Eagle, Idaho; United States;
- Broadcast area: Boise metropolitan area
- Frequency: 107.9 MHz
- Branding: 107.9 Lite FM

Programming
- Format: Adult contemporary
- Affiliations: Premiere Networks

Ownership
- Owner: Townsquare Media; (Townsquare License, LLC);
- Sister stations: KAWO; KCIX; KFXD; KIDO; KSAS-FM;

History
- First air date: September 1994
- Former call signs: KRVG (1992–1994, CP)
- Call sign meaning: "Lite"

Technical information
- Licensing authority: FCC
- Facility ID: 18049
- Class: C
- ERP: 45,000 watts
- HAAT: 818 meters (2,684 ft)
- Transmitter coordinates: 43°45′17.6″N 116°5′55.4″W﻿ / ﻿43.754889°N 116.098722°W

Links
- Public license information: Public file; LMS;
- Webcast: Listen live
- Website: liteonline.com

= KXLT-FM =

KXLT-FM (107.9 MHz, "107.9 Lite FM") is a commercial radio station licensed to Eagle, Idaho, and serving the Boise metropolitan area. The station is owned by Townsquare Media with the license assigned to Townsquare License, LLC. It airs an adult contemporary radio format, switching to all Christmas music for much of November and December.

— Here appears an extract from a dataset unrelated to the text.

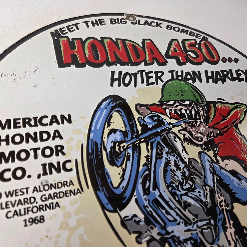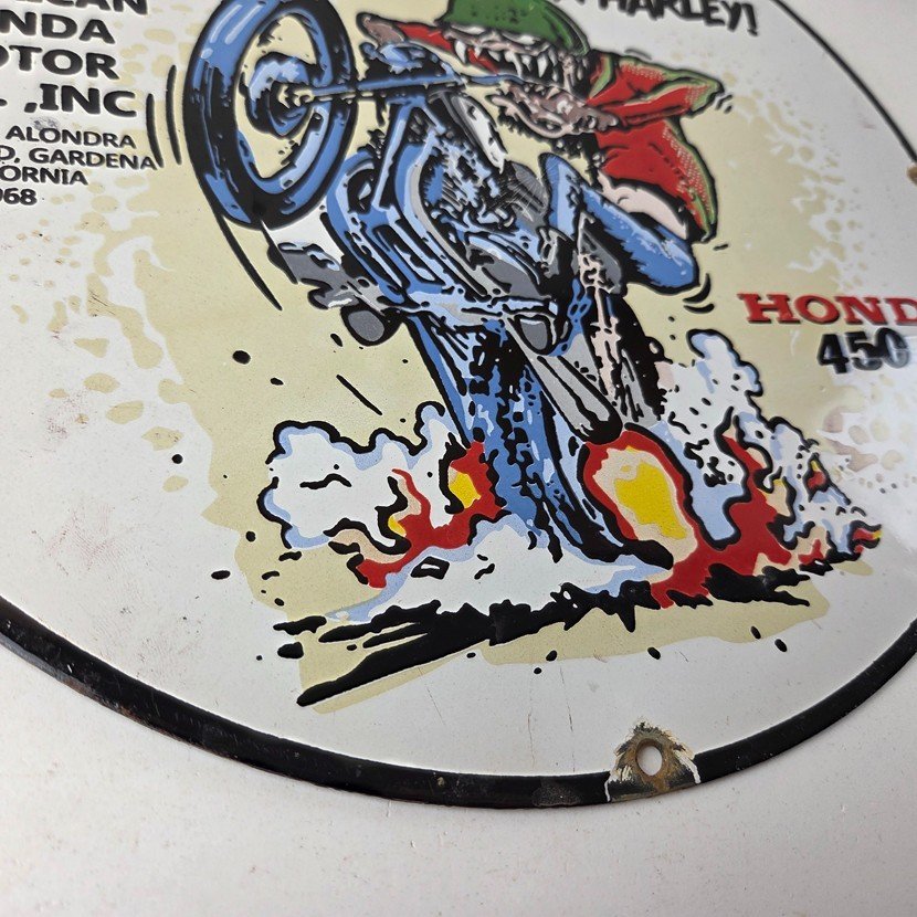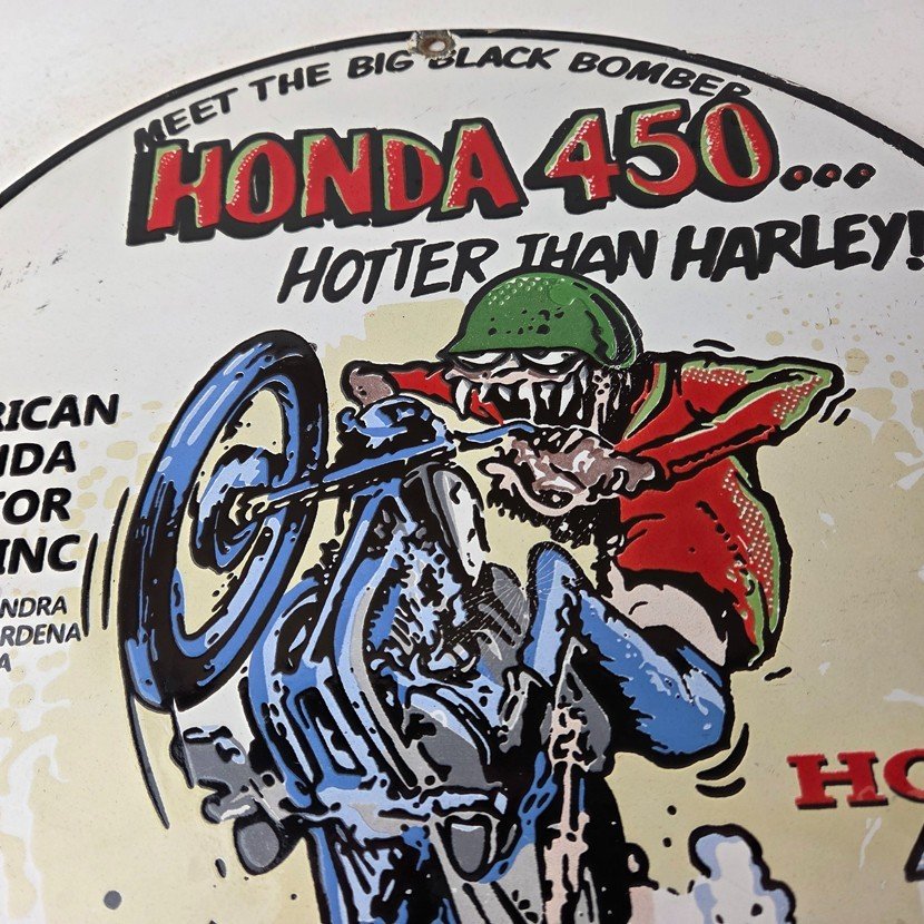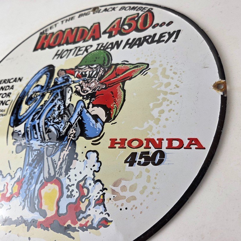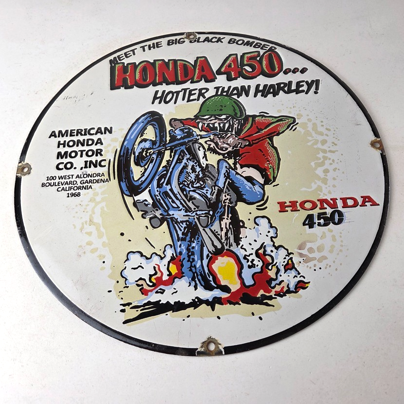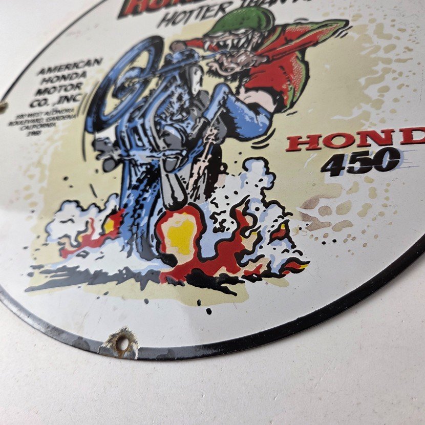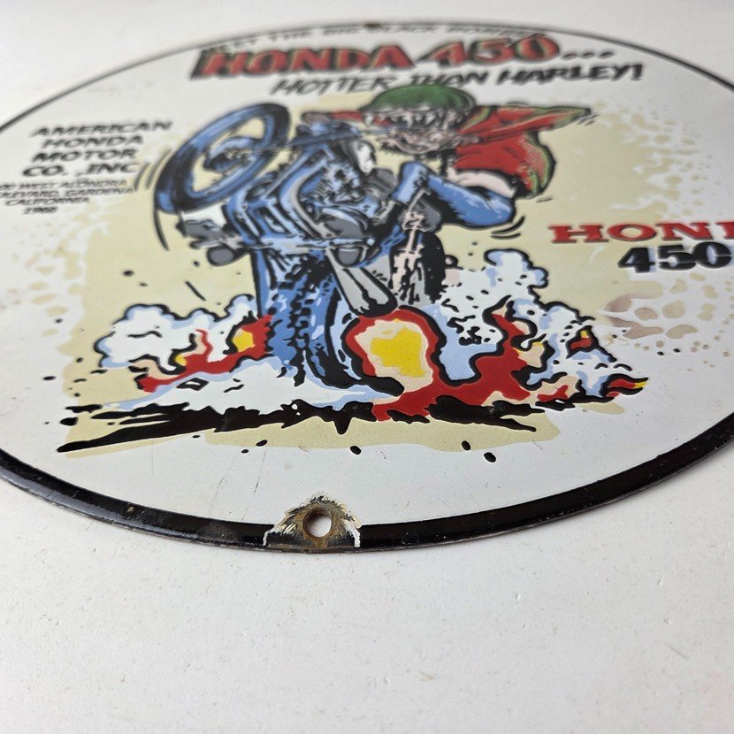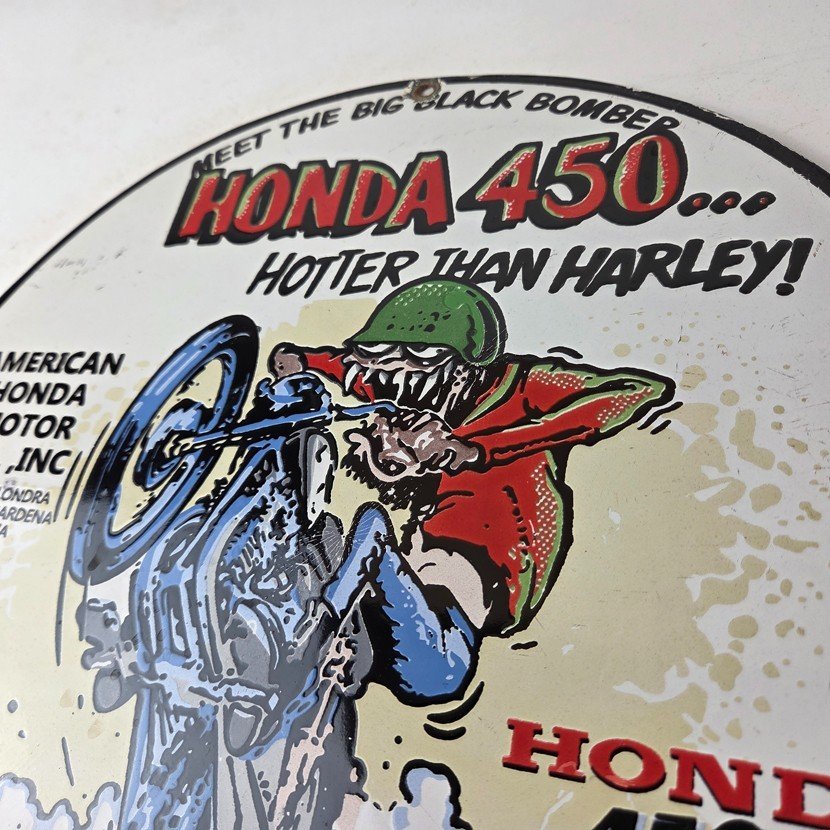 This vintage Rat Fink Porcelain sign is a true gem for any collector of oil & gas memorabilia. Rev up your collectibles with this vintage Honda hot rod sign featuring Rat Fink styling. Measuring 12″ across and made of porcelain, this striking piece is perfect for any biker or gas & oil enthusiast.

KXLT-FM has an effective radiated power (ERP) of 45,000 watts. The tower is 818 meters (2684 feet) in height above average terrain (HAAT), giving it excellent coverage over much of Western Idaho, as well as part of Oregon. The transmitter is off Shafer Butte Road in Horseshoe Bend, Idaho, among the towers for other Boise-area FM and TV stations.

==History==
While the station was still doing testing, it was assigned the KXLT-FM call sign by the Federal Communications Commission on August 26, 1994. It signed on the air in September 1994, as “Lite 108”.

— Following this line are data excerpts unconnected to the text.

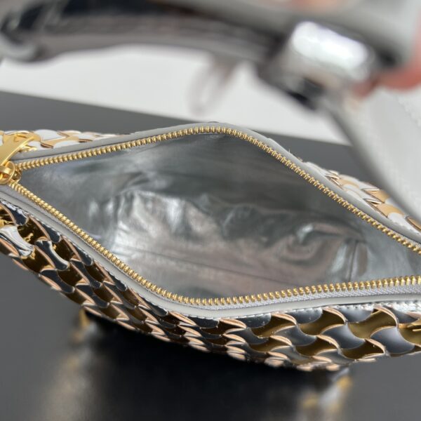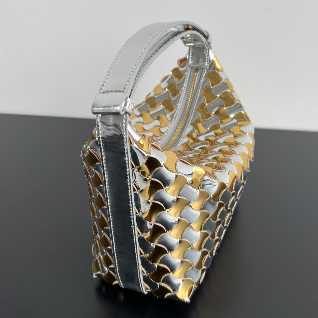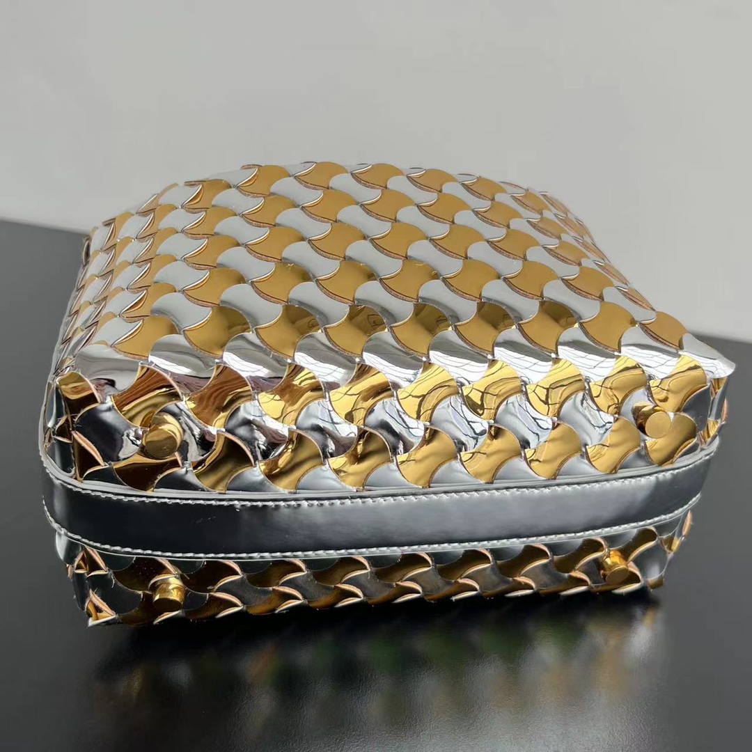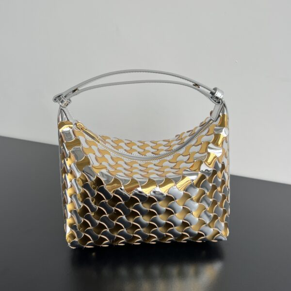 보테가의 월리스 숄더백은 반짝이는 비늘 디자인으로 시선을 사로잡습니다.
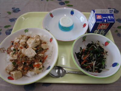 牛乳 ご飯 麻婆豆腐 磯香和え 富士山ゼリー
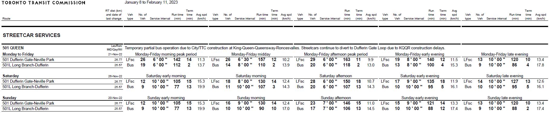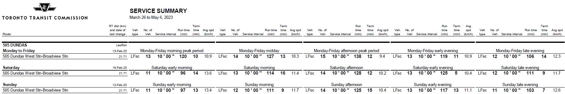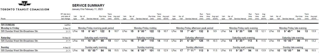 505 Dundas service was reduced in mid-February 2023, in some cases quite substantially. Headways that ranged from 6’30” to 10’00” at various times were changed to 10’00” at all hours. Running times were also extended to improve service reliability.
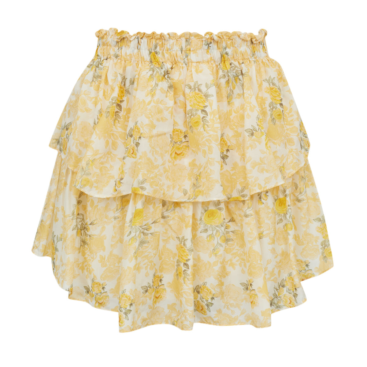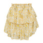 Detalhes: Saia Love Shack Fancy, possui modelagem curta e babados. Estampa floral amarela e elástico na cintura.

On November 16, 2006, Clear Channel Communications planned to sell 448 of its radio stations outside the top 100 markets, including the company's Boise stations: KXLT-FM, KSAS-FM, KCIX, KTMY (now KAWO), KIDO, and KFXD. In March 2007, Peak Broadcasting LLC bought the former Clear Channel-owned stations.

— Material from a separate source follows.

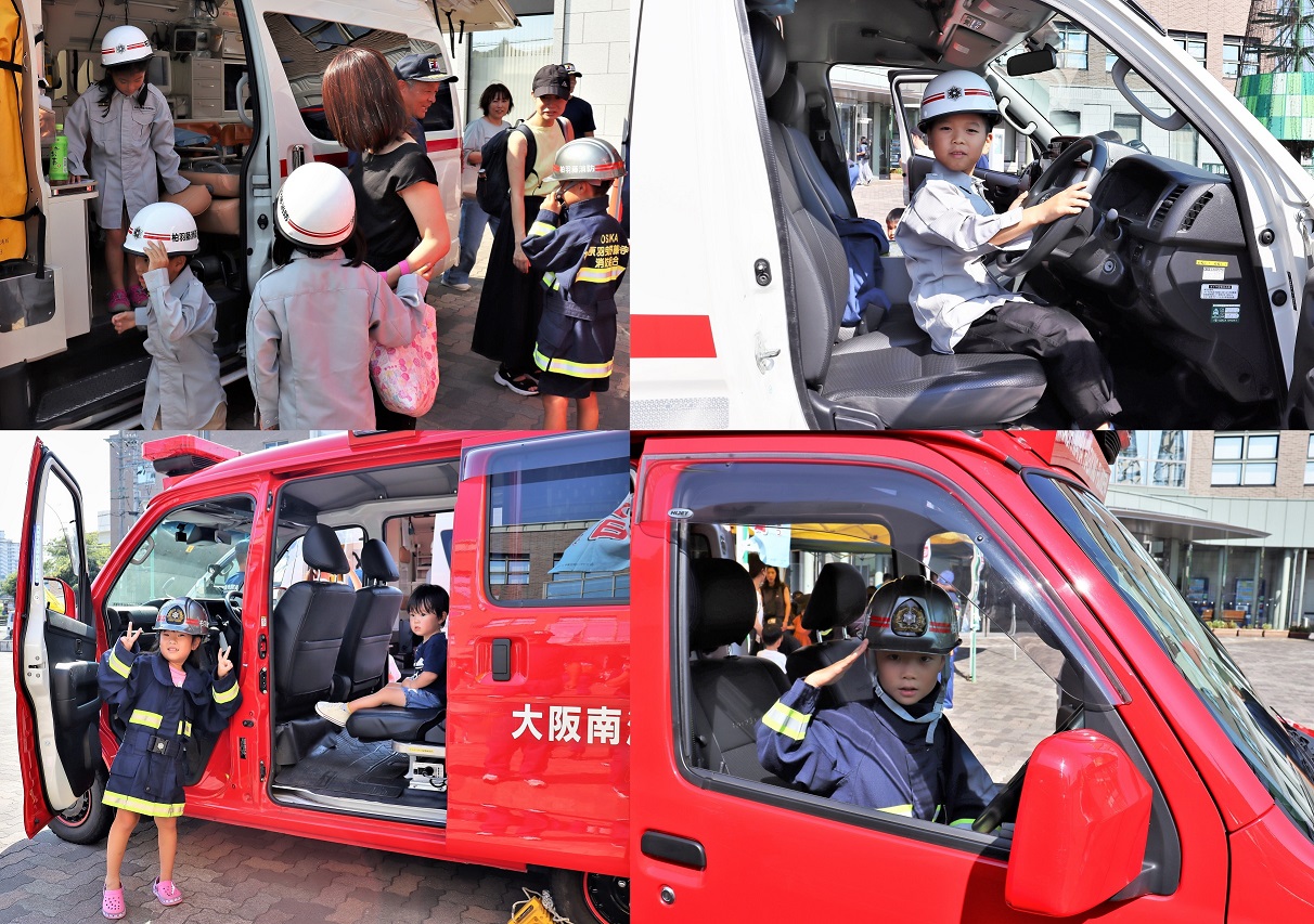当日は天候に恵まれ、多くの方々が足を運んでくださり、こどもたちは救急服や防火衣を着て救急車等と一緒に記念撮影をしたり、こども救命講習では、胸骨圧迫とAEDの操作を一生懸命、楽しみながら体験していました。
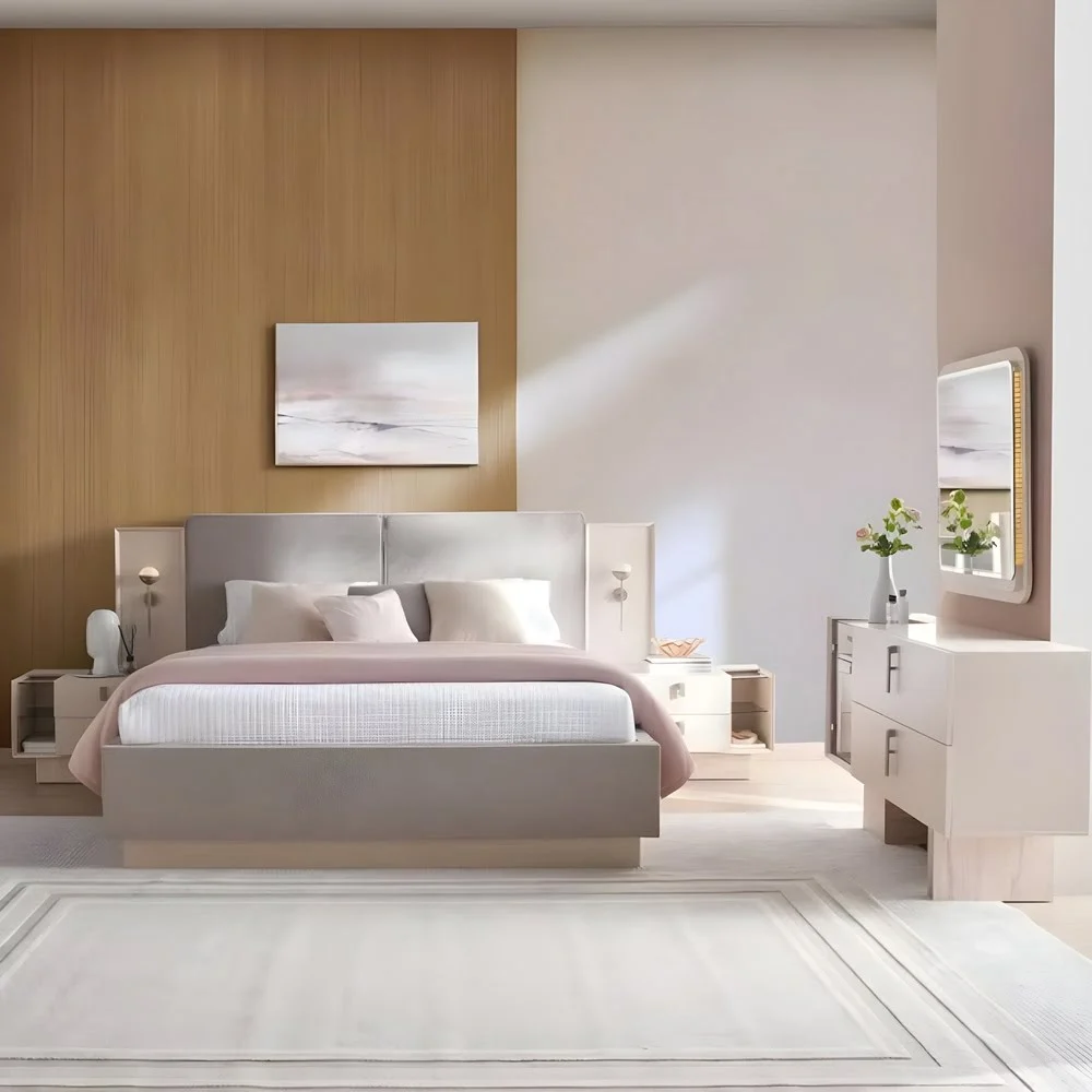 Transform your bedroom into a tranquil haven with the Serene Beige Whisper Bedroom Set, where warm neutral tones meet soft minimalist elegance. Featuring a sleek platform bed with plush gray upholstered headboard, this set harmonizes light beige paneling-inspired accents with subtle blush pink bedding for a calming, spa-like atmosphere. Complemented by matching nightstands, a versatile dresser, and a graceful freestanding mirror, every piece is designed for effortless organization and serene aesthetics. Adorned with gentle wall sconces, an abstract artwork, and fresh florals, the Serene Beige Whisper evokes quiet luxury, ideal for modern retreats that prioritize peace and subtle sophistication.

On August 30, 2013, a deal was announced in which Townsquare Media would purchase Peak Broadcasting's stations, including KXLT-FM. The deal was part of Cumulus Media's acquisition of Dial Global; Townsquare swapped Peak's stations in Fresno, California, to Cumulus for its stations in Dubuque, Iowa, and Poughkeepsie, New York. Peak, Townsquare, and Dial Global were all controlled by Oaktree Capital Management. The sale to Townsquare was completed on November 14, 2013.